The term selective modulators of nuclear receptors refers to ligands that regulate transcriptional programs resulting in a desired phenotype. An example of this strategy was the development of selective estrogen receptor modulators (SERMs) such as the drug raloxifene,10,11 which has beneficial estrogen effects including maintenance of bone density while exhibiting anti-estrogen effects in other tissues (e.g., minimizing uterine proliferation). In the case of PPARγ, a selective PPARγ modulator (SPPARM) would be a potent insulin sensitizer that would not induce weight gain or increase adipocity and plasma volume.
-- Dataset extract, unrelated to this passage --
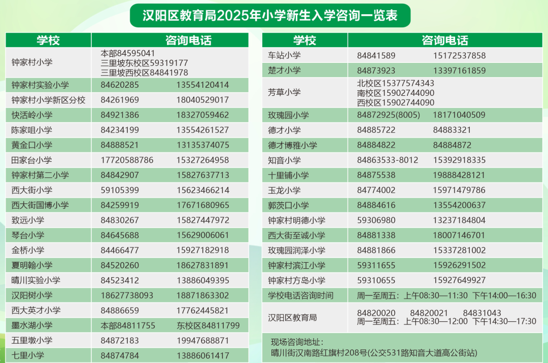 汉阳区2025年小学新生入学工作

One such example is the PPARγ ligand MCC-555. This TZD PPARγ modulator was shown to be a potent antidiabetic compound with a tenfold lower binding affinity for PPARγ than the TZD full agonist rosiglitazone (BRL49653).12,13 The degree of PPARγ agonism induced through binding of MCC-555 was shown to be context specific; in certain cases, MCC-555 functioned as a full agonist, and in other cellular systems the ligand behaved as a partial agonist or antagonist. In coactivator recruitment assays, MCC-555 exhibited a 10–50-fold reduction in the potency for steroid receptor coactivator-1 (SRC-1) recruitment when compared to rosiglitazone. More recently, a number of non-TZD PPARγ partial agonists have been described. Fmoc-L-leucine (F-L-Leu) is a unique PPARγ ligand characterized by the fact that two molecules F-L-Leu bind to each PPARγ molecule.14 The compound was shown to improve insulin sensitivity in db/db mice but with lower adipogenic activity as compared to rosiglitazone. F-L-Leu demonstrated differences in coactivator recruitment as compared to rosiglitazone.
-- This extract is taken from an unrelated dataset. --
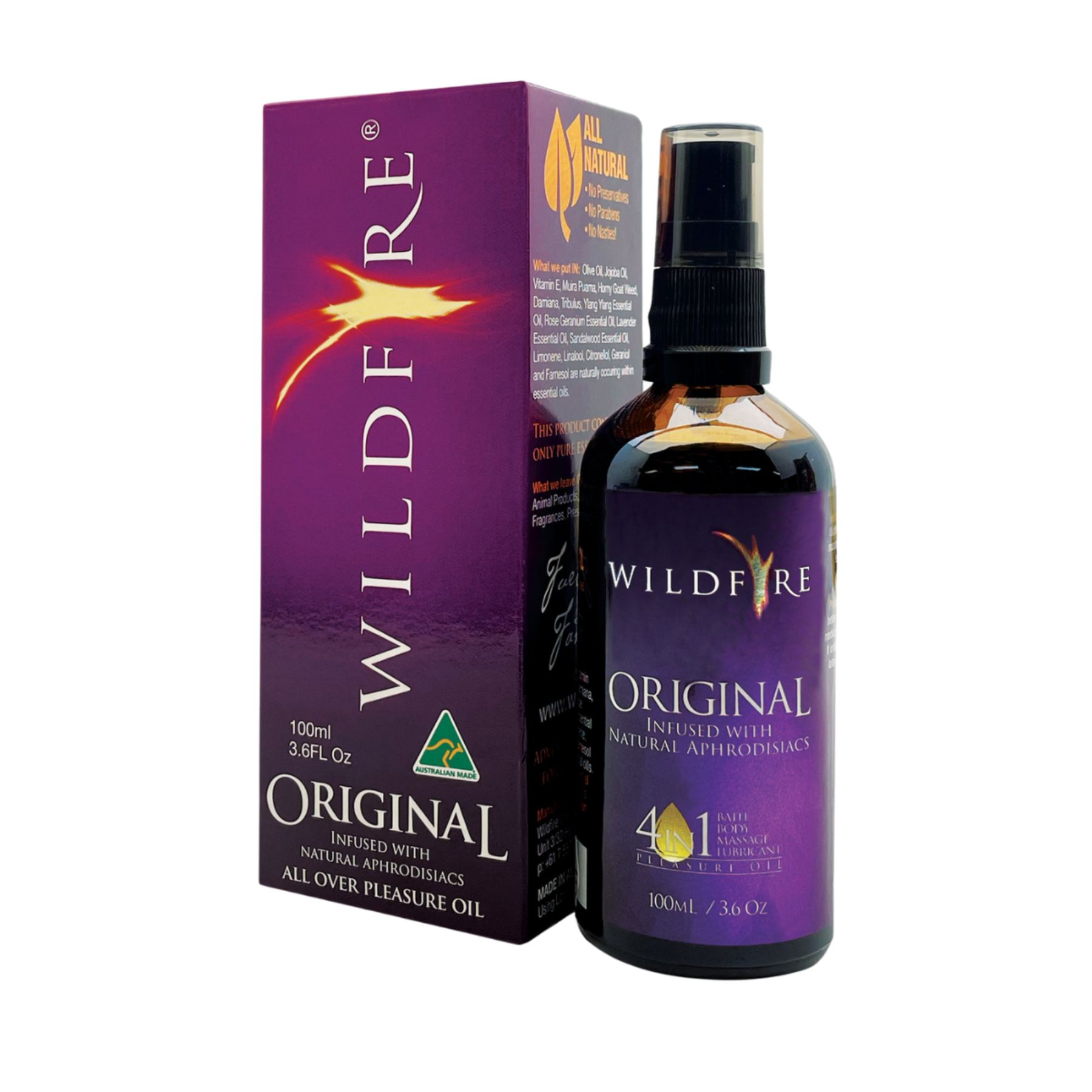 Take in the aroma, warmth, and new sensations of this all-natural aromatherapy massage oil. Whether your desire is a relaxing massage, sumptuous bath, or soft supple skin this oil is perfect.Wildfire® ORIGINAL is also infused with herbal aphrodisiacs to truly enhance your intimate moments in the bedroom. Put simply, it’s the perfect body oil to help you discover each other all over again.

The recurring observation of coactivator recruitment and the selectivity of PPARγ modulators reinforces the theory that structural changes within the PPARγ LBD induced by ligand binding result in differential recruitment of coactivators directly leading to changes in gene expression patterns; this would account for the retention of insulin sensitization, but reduced adipogenesis of SPPARMs. In support of this theory, results of a protease protection assay indicated a change in stability of the LBD between PPARγ bound with F-L-Leu, and rosiglitazone.14
Berger and co-workers described a non-TZD PPARγ partial agonist, referred to as nTZDpa.12 The compound was a tight binder of PPARγ (Ki ~ 10 nM) and was a potent insulin sensitizer, yet demonstrated weak transactivating potential in the context of a specific cellular reporter assay. The compound showed selectivity for PPARγ over α and δ and was able to antagonize the activity of γ full agonists. Importantly, the work described the first direct measurement of a change in the dynamics of the receptor LBD between PPARγ bound to a full and a partial agonist. Solution-phase NMR spectroscopy demonstrated that rosiglitazone and nTZDpa both stabilize PPARγ-LBD with respect to Apo-LBD, with rosiglitazone providing the most stable conformation, or subset of conformers. More recently, the same group described two compounds of particular interest,15 regioisomeric benzoyl-2-methyl indoles that differ in structure by the position of a single lactic acid group (ortho vs. meta). This subtle structural difference of the ligand is enough to switch the functional activity of the molecule from full to partial agonism.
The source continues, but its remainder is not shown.